=== TASK DESCRIPTION ===
Exactly the lines from the beginning of the listing below through the line that contains "Probability that a" should be transcribed, and pictures must stay out.

=== PROVIDED MATERIAL ===
Content starts

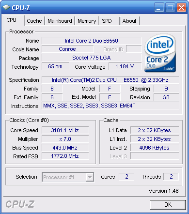 | Разгон, максимально стабильная частота (FSB x Ratio) | 3101 (443 x 7.0) |
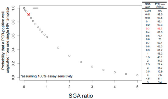 Probability that a PCR-positive reaction originated from one single HIV template follows Poisson probability distribution and decreases as SGA ratio increases. SGA ratio (x-axis) is defined as the number of expected positive reactions divided by the total reactions. For example, if ddPCR short amplicon estimation shows that there are 3 HIV-DNA copies per microliter within a nucleic acid extract, to achieve a limiting dilution at 1:3 (0.3) SGA ratio, one microliter of this extract would be distributed into 9 PCR reactions equally, yielding a probability of 85.7% (y-axis) that a given positive well is derived from one single HIV template (red cross in graph and red highlight in table). This calculation assumes 100% assay sensitivity in the amplification and detection of all input templates (asterisk).
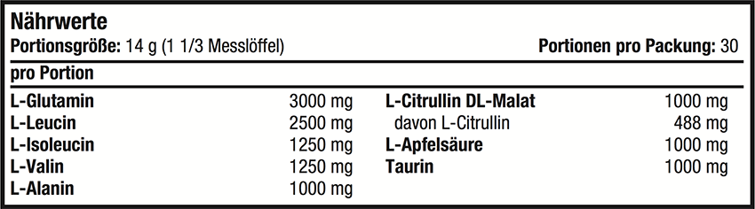 L-Glutamin, L-Leucin, L-Isoleucin, L-Valin, Aroma (Mango) Säureregulator (Zitronensäure), L-Alanin, L-Citrullin DL-Malat 1:1, Taurin, Apfelsäure, Süssungsmittel (Acesulfame K, Sucralose), Farbstoffe (E142, E101) Kann Spuren von Milch-, Soja-, und Eiproteinen, Gluten, Nüssen und Erdnüssen, Fisch und Krustentieren enthalten.t.

Content ends

=== OUTPUT BELOW ===
 | Разгон, максимально стабильная частота (FSB x Ratio) | 3101 (443 x 7.0) |
 Probability that a PCR-positive reaction originated from one single HIV template follows Poisson probability distribution and decreases as SGA ratio increases. SGA ratio (x-axis) is defined as the number of expected positive reactions divided by the total reactions. For example, if ddPCR short amplicon estimation shows that there are 3 HIV-DNA copies per microliter within a nucleic acid extract, to achieve a limiting dilution at 1:3 (0.3) SGA ratio, one microliter of this extract would be distributed into 9 PCR reactions equally, yielding a probability of 85.7% (y-axis) that a given positive well is derived from one single HIV template (red cross in graph and red highlight in table). This calculation assumes 100% assay sensitivity in the amplification and detection of all input templates (asterisk).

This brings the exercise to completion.